China’s challenge to American naval and air dominance in East and Southeast Asia has not gone unnoticed by the U.S. President Obama announced a strategic “pivot” to Asia during his recent visit to the region. This was accompanied by the deployment of a 2,500 Marine contingent to Australia and the upgrading of U.S. military ties with several nations in Southeast Asia.

The U.S. has repeatedly urged closer, more consistent and transparent relations between the U.S. military and China’s People’s Liberation Army (PLA). Washington believes that China’s published military budget understates actual spending. In the absence of greater certainty about China’s weapons development plans, force deployments and strategic intentions, U.S. officials argue, then the U.S. and its allies are left to base their own planning on worst-case assumptions – thus leading to an uncontrolled arms race.

While China’s PLA has generally shown limited enthusiasm for this sort of information-sharing, Defense Minister Liang Guanglie’s visit resulted in an agreement for the two navies to hold joint anti-piracy exercises in the Gulf of Aden. Also, the Chinese invited U.S. Secretary of Defense Leon Panetta to visit China at an unspecified date next fall.

Still, as with other exchanges, underlying tensions and unexpected frictions  cast future progress in developing closer military ties into serious doubt. In the past, military contacts have been among the first casualties when political tensions have deteriorated between Washington and Beijing. The potential for this pattern to repeat itself appears to have risen with recent hints that President Obama may be reconsidering the sale of advance F-16 jet fighters to Taiwan. Continued U.S. arms sales to an island that China considers a renegade province serve as perhaps the most sensitive point in U.S.-China relations. This is especially the case when such sales involve new or more advanced weapons systems that outclass China’s own capacities. A U.S. decision to go ahead with the F-16 sale to Taiwan would almost certainly bring all military cooperation between the U.S. and China to a screeching halt.

As with  the cases previously discussed, unscripted events provided a tense backdrop for General Liang Guanglie’s visit.
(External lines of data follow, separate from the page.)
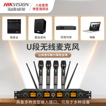海康威视(HIKVISION)手持一拖四无线麦克风UHF话筒无障碍百米传输防啸叫专业舞台唱歌家用会议演讲培训广播婚庆晚会KTV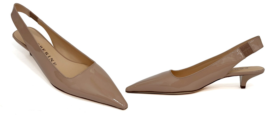 riflette luci crude da alba a tramonto. Il tacco medio da 4-5 cm stabilizza la caviglia su gradini ripidi, mentre la fascia regolabile al tallone si stringe senza pizzicare. Finitura lucida in vernice nasconde micrograffi da uso intenso, mantenendo brillantezza su asfalti umidi. La silhouette slanciata emerge da linee pulite, con fodera in pelle che evita surriscaldamenti in giornate tiepide. Chiusura slingback adatta a forme diverse, dal collo alto al piatto. Acquistabili online, queste slingback polarizzano abbinamenti da midi plissettate a pantaloni larghi.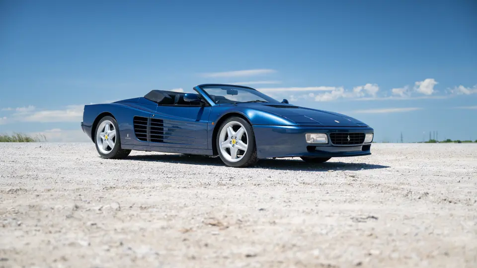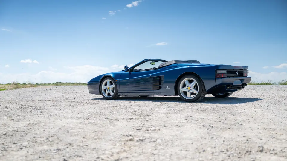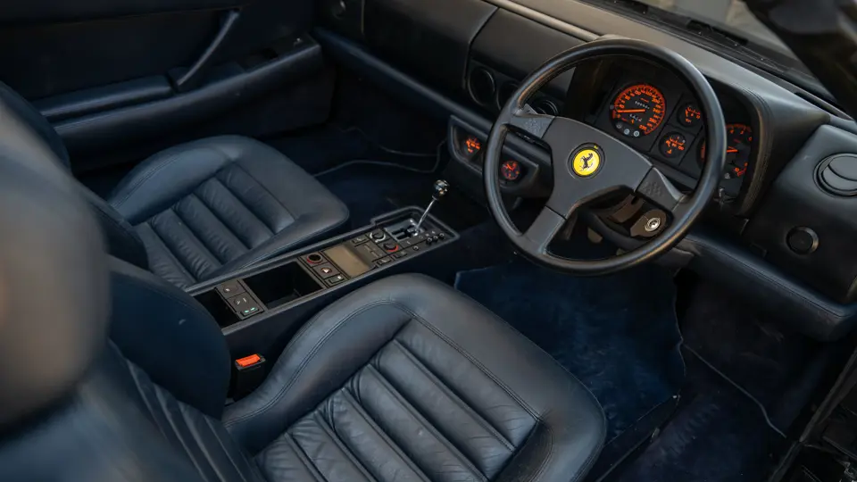 ZFFLA4C000097310 : 06/1993, 512 TR Spider, 1/3 de ce type par Pininfarina, CAD, moteur 35505, boîte de vitesses 146785, Blu Cobalto, cuir Blu Scuro, moquette bleue, capote bleue.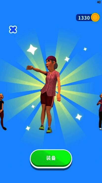 玩家通过左右滑动控制大妈团避开障碍物,选择合适的正负门扩大大妈团数量,最后点击击退敌人,把会场变成广场舞大舞台。游戏还提供各种各样的阿姨服装供玩家选择,活力四射的BGM让人玩起来欲罢不能。

In this case, the attempt by Philippine naval ships to expel Chinese fishing boats from an area of the South China Sea claimed by both countries led to an on-site standoff and tough language from Chinese and Philippine officials.
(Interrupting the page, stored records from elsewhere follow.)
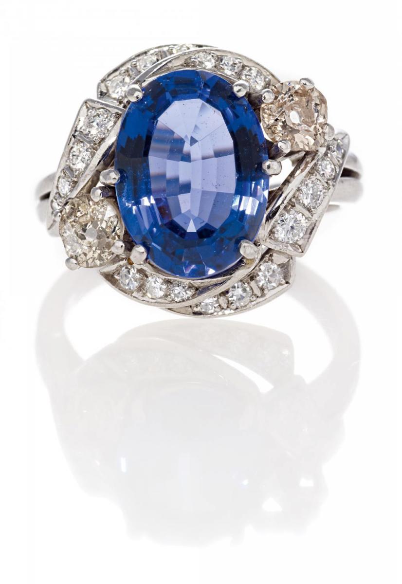 750/- Weißgold, Gesamtgewicht: 9,2g. EU-RM: 57. 22 Diamanten im Alt-/Brillant- und 8/8-Schliff zus.ca. 0,9ct TCr-Cape(I-O)-cognacfarben VS-P2 (Altschliffe teils mit Kerben), 1 oval facettierter Tansanit ca. 5,2ct.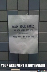 即使你相信你的阴茎在把它放在(或不)内衣(也包括身体的其他部位,汗水和潜在的爬行动物)后非常干净,你的手也不干净。你怎么开门?也许可以推一下肩膀来避免细菌?你进厕所之前在做什么?抓你的耳朵吗?挖鼻孔?在成百上千的人之后处理零售商品?触摸自动扶梯扶手、电梯按钮或公共汽车上的皮带?开着你的车,你的方向盘收集了你打喷嚏时从体内排出的所有细菌?公共厕所的水槽——或者你家里的水槽——是为每个人的健康迈出一小步的完美地方,而不仅仅是你自己。 Wash your palms, the backs of your hands, between the fingers, finger tips and thumbs. 30 seconds. Dry with paper towel, and use the towel to push the door open as you leave. Dump the towel in the next trash can. Now, you can’t say no one told you.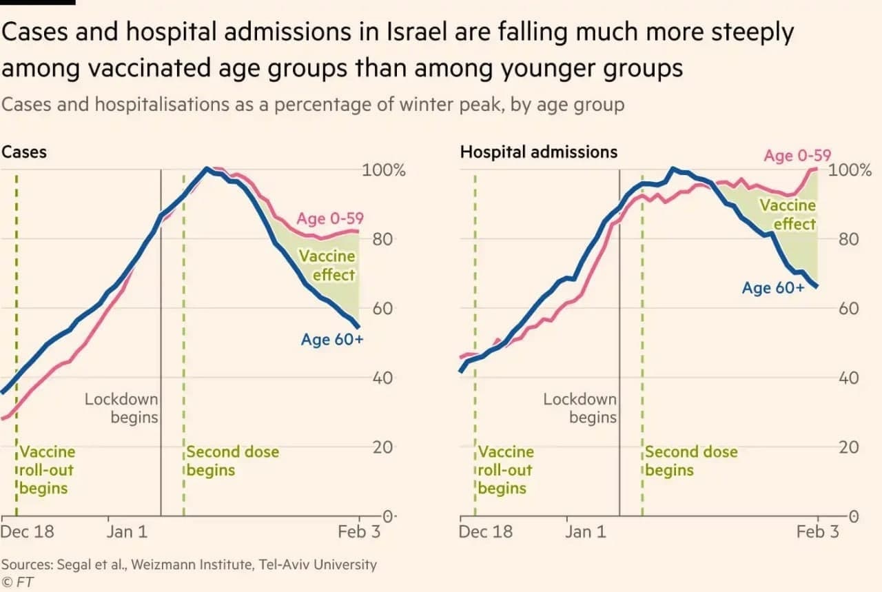Первые результаты в целом очень хорошие и обнадёживающие, на графике видно, что спад заболеваемости и госпитализации у вакцинированной в первую очередь группы 60+ значительно превышает аналогичные показатели у более молодых. Вакцина определённо работает, это хорошо видно в статистике и на приведённых графиках.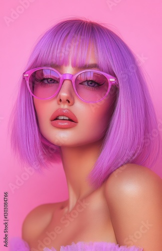 fashion, woman, pink, purple, wig, sunglasses, trendy, stylish, glamour, beauty, portrait, model, pastel, posing, confidence, chic, vibrant, elegance, colourful, modern, aesthetic, feminine, fashionable, allure, photo, expression, attitude, bold, unique, creative, playful, artistic, young, joyful, urban, summer, look, striking, style, contemporary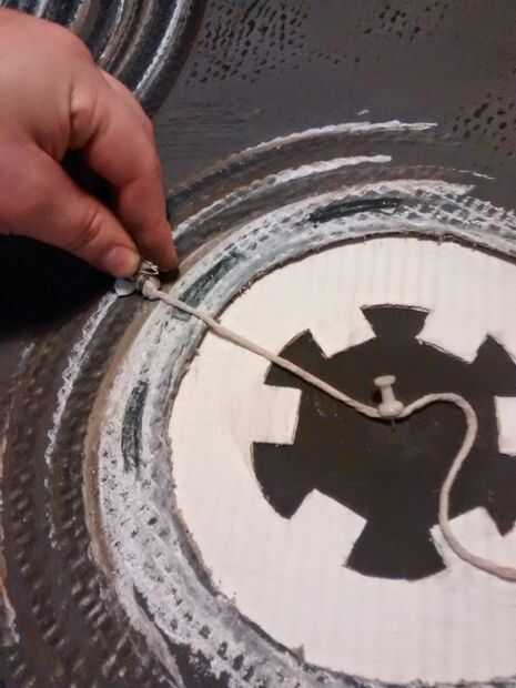 Dibujo los carretes de cinta: Atar un trozo de tiza a una longitud de cadena y utilice un alfiler para crear un punto de pivote. Crear líneas de tiza concéntricos mediante el ajuste de la longitud de cadena. Sólo necesitas sacar el carrete donde no cubra la etiqueta. Agregar detalles adicionales con oscuros pastel/grafito/marcadores.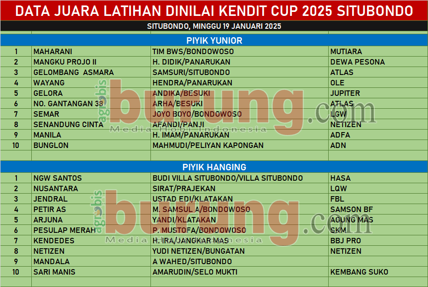 Sementara jalannya gelaran latihan dinilai yang memainkan dua kelas ini menampilkan jawara jawara muda baru yang langsung tampil gemilang, di kelas piyik yunior jawara Maharani bergelang Mutiara milik Tm BWS Bondowoso tampil prima di kelasnya dan mampu menguasai podium pertama. Mangku Projo II bergelang Dewa Pesona dan Gelombang Asmara bergelang Atlas menyusul menempati podium kedua dan ketiga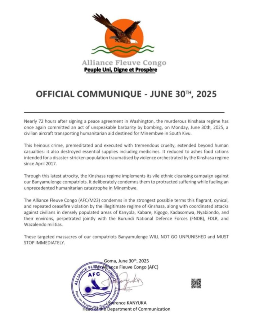 “Barely 72 hours after signing a peace agreement in Washington, the bloodthirsty Kinshasa regime has once again committed an act of unspeakable barbarity by bombing, on Monday, June 30, 2025, a civilian aircraft carrying humanitarian aid destined for Minembwe, in South Kivu. This heinous crime… destroyed essential supplies… and fuels an unprecedented humanitarian catastrophe in Minembwe,” Kanyuka said.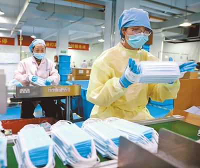 2月14日,在浙江长兴县和平镇一家无纺布制品公司口罩生产车间,员工们在整理口罩。许 旭摄(人民视觉)

While the U.S. is not directly involved in the present dispute, which is ongoing as of this writing, it is party to a mutual defense treaty with the Philippines which could become activated should this or future conflicts escalate into a major naval clash. China has become more assertive in recent years about its expansive claims in the South China Sea, which holds valuable fishing resources and oil deposits. Five other countries also make overlapping claims to portions of these waters. While the U.S. takes no position on the merits of any of these claims, it has pledged to defend the principal of freedom of navigation through the area, which encompasses the most heavily used shipping lanes in the world.
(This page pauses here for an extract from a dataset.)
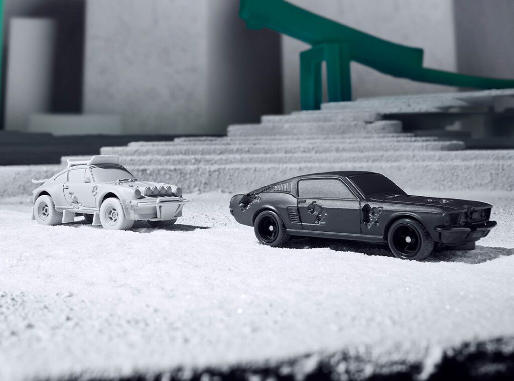 The drop features four limited edition 1:64 scale models, titled “Laps”, which first began with crystalized eroded versions of Hot Wheels’ famous Rodger Dodger and a Porsche 930 Turbo. The newest additions to the Hot Wheels fleet is an adaptation of Daniel Arsham’s personal 1986 Porsche 911 Turbo ‘Safari’ and a 1968 Ford Mustang from the film Bullitt. Beyond the small-scale cars themselves, accessories like keychains and limited prints are also included within the collection to help form the bond between automotive excellence and artistic style. Mark your calendar for May 16 at 9:00am PT, when the new models from Mattel Creations x Daniel Arsham Hot Wheels collection drops on Mattel Creations’ website. Shop all of current Hot Wheels collections by clicking the link below.

The breadth and intensity of recent U.S. and Chinese political, diplomatic and military exchanges serve to underline the huge stakes attached to relations between the world’s reigning, but somewhat beleaguered, hegemon and the world’s most populous and fastest growing power. Given the range of significant differences between the U.S. and China, the continued commitment to dialogue and the modest progress achieved on concrete problems both offer grounds for hope that relations can be managed wisely and peacefully. Yet unexpected plot twists continue to test the crisis-management skills of diplomats and political leaders on both sides while adding to the suspense as the world wonders – how will this story end?